YOUR INSTRUCTIONS: Because the pictures are not wanted, reproduce the rest of the records below exactly as they stand.

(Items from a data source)

______________________________

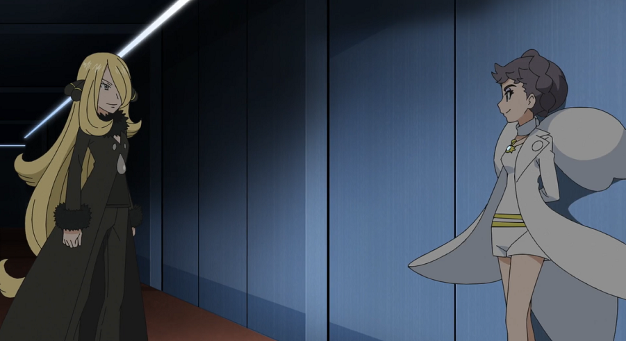 Auf der anderen Seite trifft Cynthia auf dem Weg zum Kampffeld auf Diantha, die ihr wiederum unterstützende Worte zukommen lässt. Sie ist davon überzeugt, dass Cynthia diejenige sei, welche Delions Siegesserie beenden könne. Cynthia verkündet Diantha gegenüber, dass sie plane, nach dem Turnier mit Pokémon-Kämpfen aufzuhören.
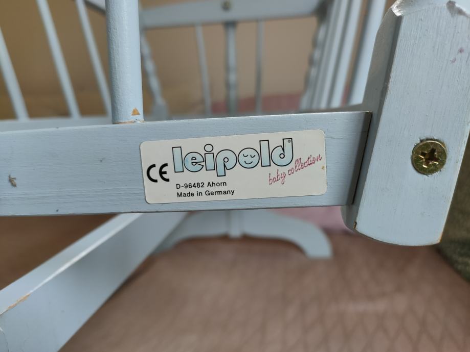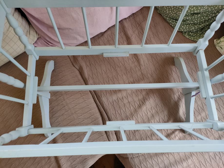 Velika kolijevka za lutke (65cmx45cmx30cm veličina kolijevke, a visina sa stalkom je 56 cm) Kolijevka je njemačke proizvodnje - tvrtka Leopold i u odličnom je stanju. Nedostaje dno odnosno podnica. To može biti obična šperploča te veličine. Zbog veličine ne mogu slati već samo moguća dostava u Karlovcu, Zagrebu, Samoboru ili Jastrebarskom.
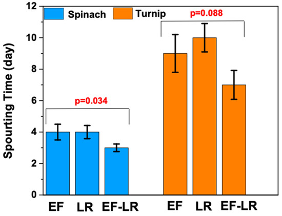 The results shown in Figure 5 give the sprouting time for spinach. In the case of EF and LR, the compost was 4 ± 0.50 days individually, and the EF–LR compost was 3 ± 0.24 days. Similarly, the sprouting time of turnips for EF–LR was also lower (7 ± 0.92 days) compared to the EF and LR composts, which had 9 ± 1.2 and 10 ± 0.92 days of sprouting time, respectively. Vermicompost acts as a bio-oxidative, so it may release compounds that help crop sprouting and growth. Thus, the EF–LR compost was more bio-oxidative in nature, showing a shorter sprouting time for both crops [44]. In general, the statistical analysis of the results shows that variation of the sprouting time of the spinach in all three composts was significantly different, as p < 0.05, which shows the difference in sprouting times for spinach. However, no significant difference was observed in the case of the turnip, as p > 0.05. It might be due to a non-significant impact of the compost in the sprouting time of the turnip. In addition to that, the overall sprouting time of the combined compost was shorter, and we concluded that seeds exposed to the combined compost could be expected to reach harvest earlier.
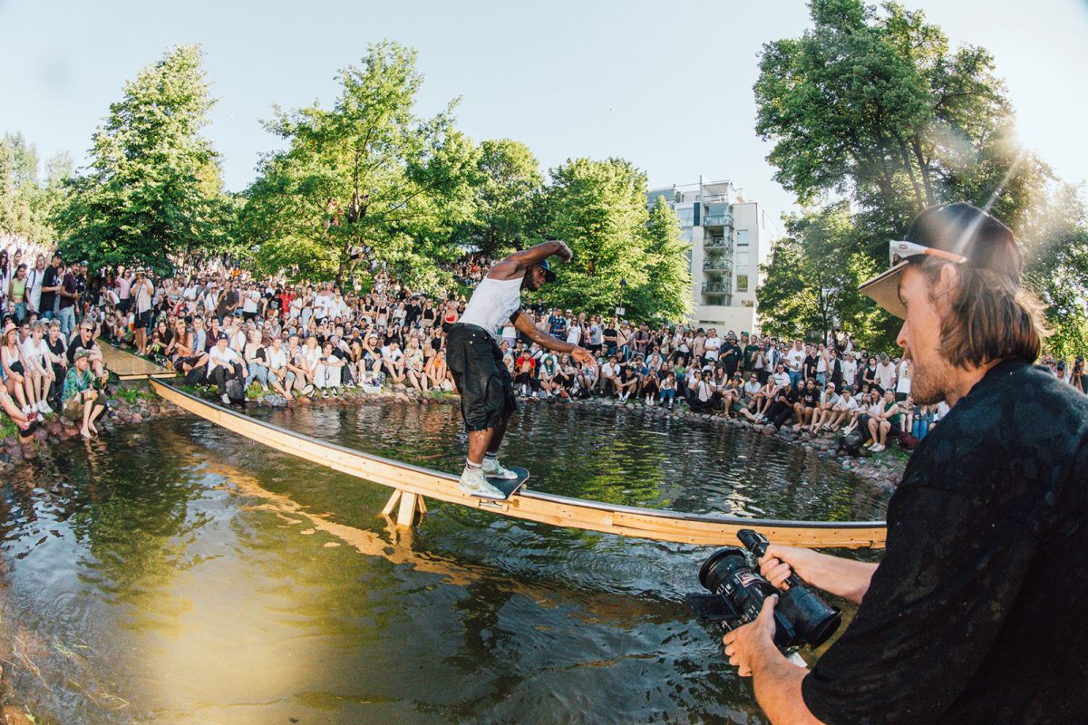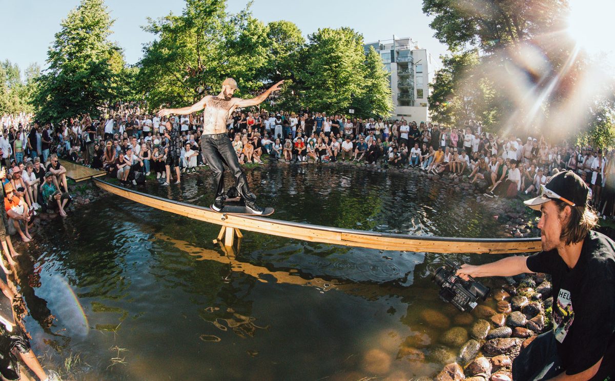 As for the rail this year, it’s been a fantasy of mine for many years now. And with the help of my friend Kyy at Helwood Oy, we made it happen. I honestly didn’t think so many people would even dare to try it. It was about 10.5 meters long, the water was shallow and the bottom is full of those big stones. The run-up and landing getting absolutely wet and slippery did not help anyone either!
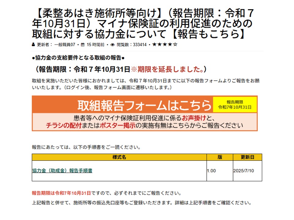 マイナ保険証の利用促進のための協力金(5万円)の報告期限が延長されました。
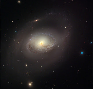 M99 is one of many spiral galaxies in the Virgo Cluster. Our own galaxy, the Milky Way, resides on the outskirts of this collection of many thousand galaxies. Unlike our own galaxy, M99 is disturbed due to interactions with other massive galaxies nearby (not shown). It almost looks as if the spiral arms are being blown by some celestial wind from below. While this is not true, at a distance of 60 million light years this galaxy proudly displays bright blue and red star formation in the its spiral armsMessier 100
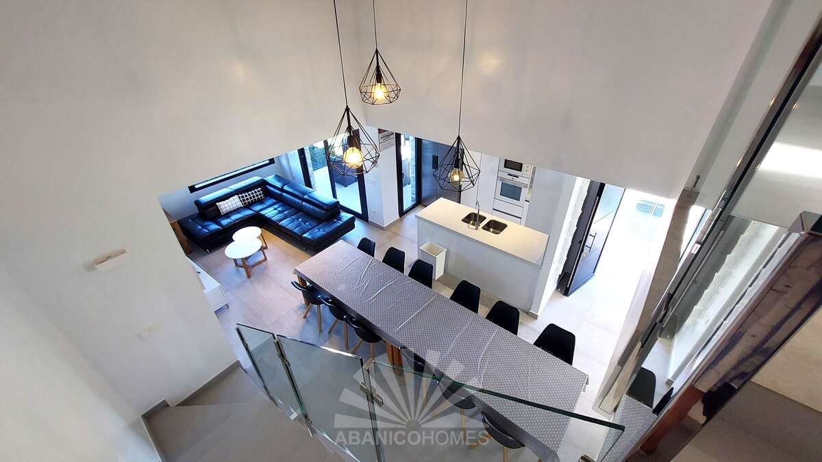 Toda la villa es muy luminosa, está construida con materiales de alta calidad, puertas de aluminio con climalit y cristales dobles con puente térmico e insonorizadas, aire acondicionado frio/calor central en toda la casa, conexión wifi y alarma de seguridad.
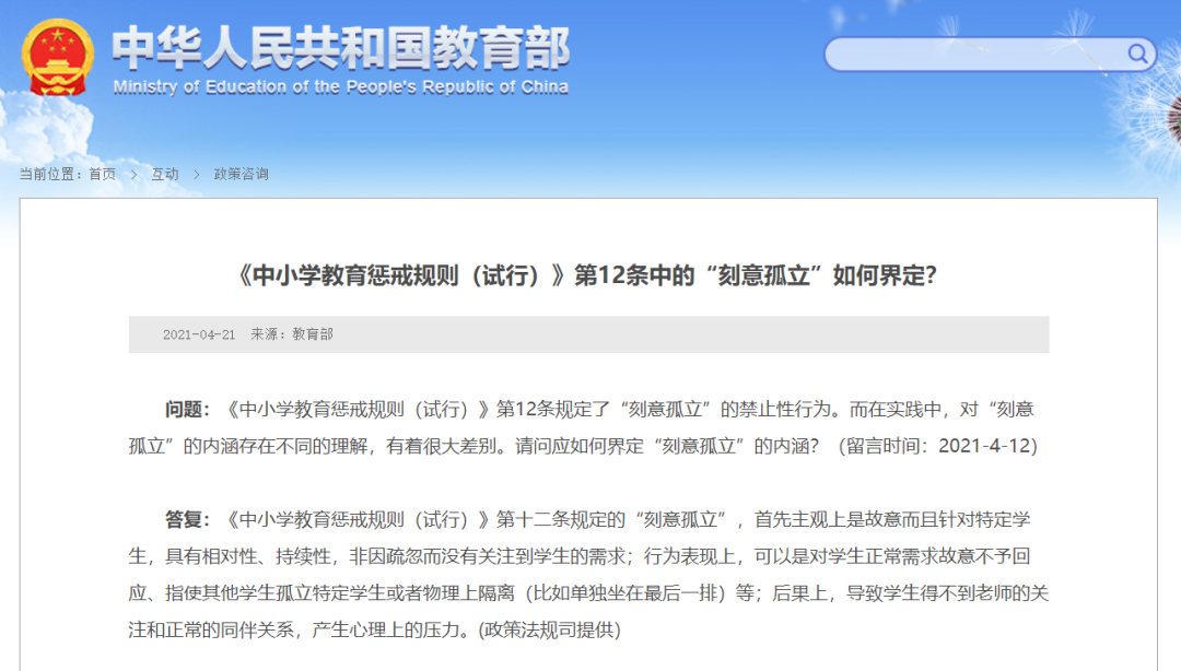 3月1日起,《中小学教育惩戒规则(试行)》(点击查看详情,下文简称《规则》)正式施行。近日,有网友在教育部网站咨询,《规则)》第12条中的“刻意孤立”如何界定?教育部的答复引发关注!

______________________________

OUTPUT:
 Auf der anderen Seite trifft Cynthia auf dem Weg zum Kampffeld auf Diantha, die ihr wiederum unterstützende Worte zukommen lässt. Sie ist davon überzeugt, dass Cynthia diejenige sei, welche Delions Siegesserie beenden könne. Cynthia verkündet Diantha gegenüber, dass sie plane, nach dem Turnier mit Pokémon-Kämpfen aufzuhören.
 Velika kolijevka za lutke (65cmx45cmx30cm veličina kolijevke, a visina sa stalkom je 56 cm) Kolijevka je njemačke proizvodnje - tvrtka Leopold i u odličnom je stanju. Nedostaje dno odnosno podnica. To može biti obična šperploča te veličine. Zbog veličine ne mogu slati već samo moguća dostava u Karlovcu, Zagrebu, Samoboru ili Jastrebarskom.
 The results shown in Figure 5 give the sprouting time for spinach. In the case of EF and LR, the compost was 4 ± 0.50 days individually, and the EF–LR compost was 3 ± 0.24 days. Similarly, the sprouting time of turnips for EF–LR was also lower (7 ± 0.92 days) compared to the EF and LR composts, which had 9 ± 1.2 and 10 ± 0.92 days of sprouting time, respectively. Vermicompost acts as a bio-oxidative, so it may release compounds that help crop sprouting and growth. Thus, the EF–LR compost was more bio-oxidative in nature, showing a shorter sprouting time for both crops [44]. In general, the statistical analysis of the results shows that variation of the sprouting time of the spinach in all three composts was significantly different, as p < 0.05, which shows the difference in sprouting times for spinach. However, no significant difference was observed in the case of the turnip, as p > 0.05. It might be due to a non-significant impact of the compost in the sprouting time of the turnip. In addition to that, the overall sprouting time of the combined compost was shorter, and we concluded that seeds exposed to the combined compost could be expected to reach harvest earlier.
 As for the rail this year, it’s been a fantasy of mine for many years now. And with the help of my friend Kyy at Helwood Oy, we made it happen. I honestly didn’t think so many people would even dare to try it. It was about 10.5 meters long, the water was shallow and the bottom is full of those big stones. The run-up and landing getting absolutely wet and slippery did not help anyone either!
 マイナ保険証の利用促進のための協力金(5万円)の報告期限が延長されました。
 M99 is one of many spiral galaxies in the Virgo Cluster. Our own galaxy, the Milky Way, resides on the outskirts of this collection of many thousand galaxies. Unlike our own galaxy, M99 is disturbed due to interactions with other massive galaxies nearby (not shown). It almost looks as if the spiral arms are being blown by some celestial wind from below. While this is not true, at a distance of 60 million light years this galaxy proudly displays bright blue and red star formation in the its spiral armsMessier 100
 Toda la villa es muy luminosa, está construida con materiales de alta calidad, puertas de aluminio con climalit y cristales dobles con puente térmico e insonorizadas, aire acondicionado frio/calor central en toda la casa, conexión wifi y alarma de seguridad.
 3月1日起,《中小学教育惩戒规则(试行)》(点击查看详情,下文简称《规则》)正式施行。近日,有网友在教育部网站咨询,《规则)》第12条中的“刻意孤立”如何界定?教育部的答复引发关注!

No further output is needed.